▶ _Task prompt_
The full set of records must be set down verbatim.

▶ _Data in this exercise_
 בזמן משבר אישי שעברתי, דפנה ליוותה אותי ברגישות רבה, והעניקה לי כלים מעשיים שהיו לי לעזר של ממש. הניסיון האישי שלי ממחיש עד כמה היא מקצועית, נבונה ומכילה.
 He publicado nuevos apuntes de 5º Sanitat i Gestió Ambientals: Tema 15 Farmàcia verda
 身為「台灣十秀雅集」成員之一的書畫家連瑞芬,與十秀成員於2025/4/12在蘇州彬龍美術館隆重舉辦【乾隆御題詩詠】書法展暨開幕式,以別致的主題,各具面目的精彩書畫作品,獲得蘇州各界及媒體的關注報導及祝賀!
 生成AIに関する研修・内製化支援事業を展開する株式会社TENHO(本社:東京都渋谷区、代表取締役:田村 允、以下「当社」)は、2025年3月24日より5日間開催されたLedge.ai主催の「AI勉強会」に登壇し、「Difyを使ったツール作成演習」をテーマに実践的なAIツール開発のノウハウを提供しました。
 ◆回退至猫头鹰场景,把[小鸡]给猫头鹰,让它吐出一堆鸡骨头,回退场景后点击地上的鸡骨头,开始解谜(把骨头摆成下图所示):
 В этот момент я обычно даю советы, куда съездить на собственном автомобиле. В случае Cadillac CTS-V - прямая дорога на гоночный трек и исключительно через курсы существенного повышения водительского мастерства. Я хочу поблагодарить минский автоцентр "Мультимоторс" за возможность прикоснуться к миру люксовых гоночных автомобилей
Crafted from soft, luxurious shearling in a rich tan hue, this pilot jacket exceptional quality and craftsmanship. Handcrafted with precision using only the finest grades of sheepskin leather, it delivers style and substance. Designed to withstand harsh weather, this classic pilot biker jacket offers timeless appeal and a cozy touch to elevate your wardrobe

▶ _Response_
 בזמן משבר אישי שעברתי, דפנה ליוותה אותי ברגישות רבה, והעניקה לי כלים מעשיים שהיו לי לעזר של ממש. הניסיון האישי שלי ממחיש עד כמה היא מקצועית, נבונה ומכילה.
 He publicado nuevos apuntes de 5º Sanitat i Gestió Ambientals: Tema 15 Farmàcia verda
 身為「台灣十秀雅集」成員之一的書畫家連瑞芬,與十秀成員於2025/4/12在蘇州彬龍美術館隆重舉辦【乾隆御題詩詠】書法展暨開幕式,以別致的主題,各具面目的精彩書畫作品,獲得蘇州各界及媒體的關注報導及祝賀!
 生成AIに関する研修・内製化支援事業を展開する株式会社TENHO(本社:東京都渋谷区、代表取締役:田村 允、以下「当社」)は、2025年3月24日より5日間開催されたLedge.ai主催の「AI勉強会」に登壇し、「Difyを使ったツール作成演習」をテーマに実践的なAIツール開発のノウハウを提供しました。
 ◆回退至猫头鹰场景,把[小鸡]给猫头鹰,让它吐出一堆鸡骨头,回退场景后点击地上的鸡骨头,开始解谜(把骨头摆成下图所示):
 В этот момент я обычно даю советы, куда съездить на собственном автомобиле. В случае Cadillac CTS-V - прямая дорога на гоночный трек и исключительно через курсы существенного повышения водительского мастерства. Я хочу поблагодарить минский автоцентр "Мультимоторс" за возможность прикоснуться к миру люксовых гоночных автомобилей
Crafted from soft, luxurious shearling in a rich tan hue, this pilot jacket exceptional quality and craftsmanship. Handcrafted with precision using only the finest grades of sheepskin leather, it delivers style and substance. Designed to withstand harsh weather, this classic pilot biker jacket offers timeless appeal and a cozy touch to elevate your wardrobe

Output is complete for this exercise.